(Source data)
——————
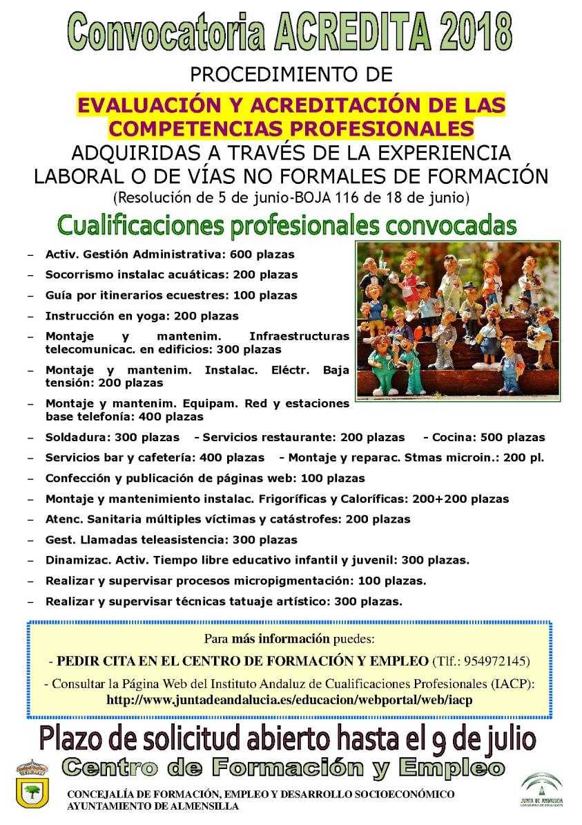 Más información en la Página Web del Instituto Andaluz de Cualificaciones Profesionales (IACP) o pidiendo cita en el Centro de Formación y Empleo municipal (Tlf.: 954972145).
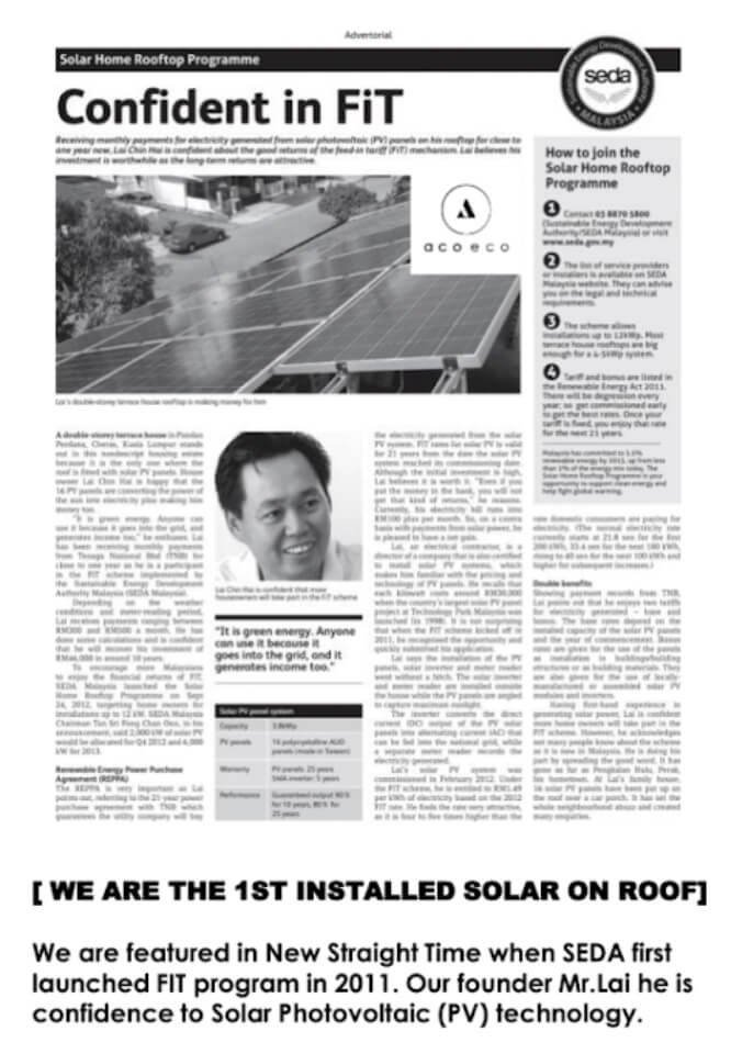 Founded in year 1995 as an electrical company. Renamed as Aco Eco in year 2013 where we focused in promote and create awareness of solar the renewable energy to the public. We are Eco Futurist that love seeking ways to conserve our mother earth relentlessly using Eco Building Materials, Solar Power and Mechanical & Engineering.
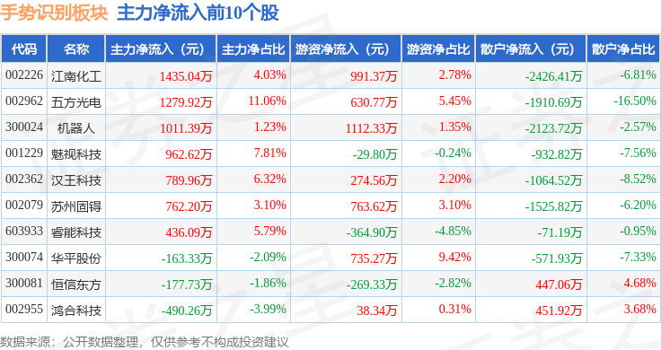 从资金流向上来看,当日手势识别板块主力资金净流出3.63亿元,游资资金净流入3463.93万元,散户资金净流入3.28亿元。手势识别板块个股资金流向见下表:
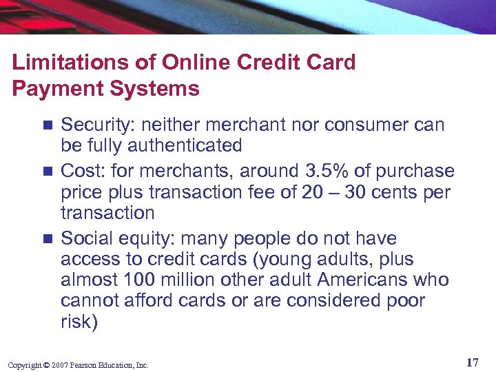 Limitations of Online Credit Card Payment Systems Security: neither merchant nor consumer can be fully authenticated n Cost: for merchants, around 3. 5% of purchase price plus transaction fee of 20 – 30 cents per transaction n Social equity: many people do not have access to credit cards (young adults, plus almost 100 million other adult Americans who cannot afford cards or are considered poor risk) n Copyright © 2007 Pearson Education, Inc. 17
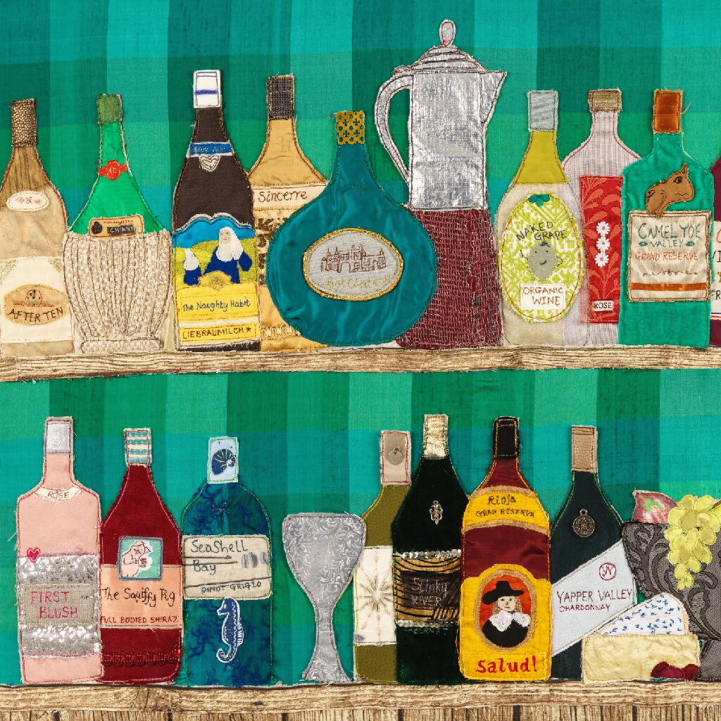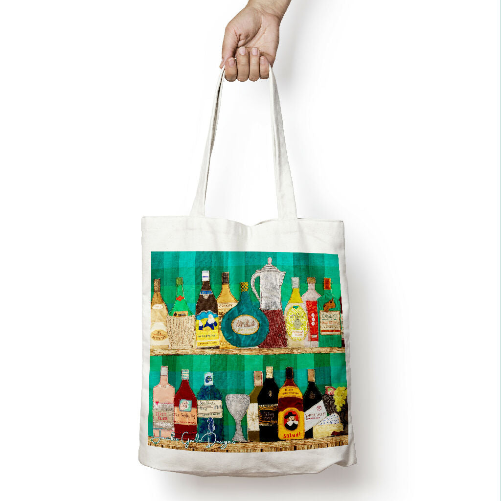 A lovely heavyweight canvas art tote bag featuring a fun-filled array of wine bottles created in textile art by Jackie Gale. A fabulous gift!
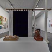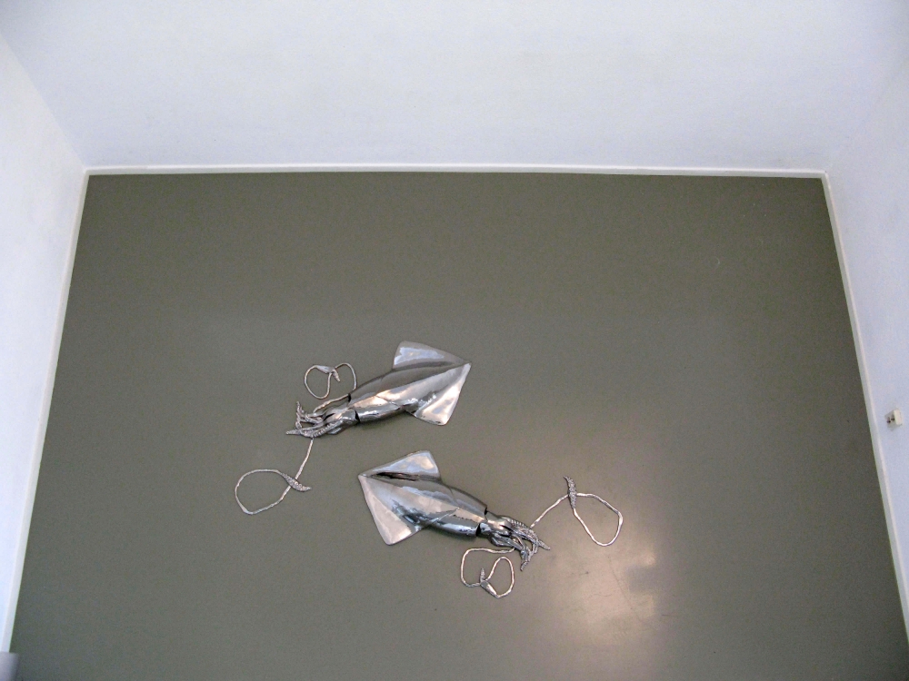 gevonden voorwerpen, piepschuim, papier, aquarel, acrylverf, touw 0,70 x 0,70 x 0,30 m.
——————
▸ Your goal
For every entry above, write it out exactly and remove any image.

▸ Final answer
 Más información en la Página Web del Instituto Andaluz de Cualificaciones Profesionales (IACP) o pidiendo cita en el Centro de Formación y Empleo municipal (Tlf.: 954972145).
 Founded in year 1995 as an electrical company. Renamed as Aco Eco in year 2013 where we focused in promote and create awareness of solar the renewable energy to the public. We are Eco Futurist that love seeking ways to conserve our mother earth relentlessly using Eco Building Materials, Solar Power and Mechanical & Engineering.
 从资金流向上来看,当日手势识别板块主力资金净流出3.63亿元,游资资金净流入3463.93万元,散户资金净流入3.28亿元。手势识别板块个股资金流向见下表:
 Limitations of Online Credit Card Payment Systems Security: neither merchant nor consumer can be fully authenticated n Cost: for merchants, around 3. 5% of purchase price plus transaction fee of 20 – 30 cents per transaction n Social equity: many people do not have access to credit cards (young adults, plus almost 100 million other adult Americans who cannot afford cards or are considered poor risk) n Copyright © 2007 Pearson Education, Inc. 17
 A lovely heavyweight canvas art tote bag featuring a fun-filled array of wine bottles created in textile art by Jackie Gale. A fabulous gift!
 gevonden voorwerpen, piepschuim, papier, aquarel, acrylverf, touw 0,70 x 0,70 x 0,30 m.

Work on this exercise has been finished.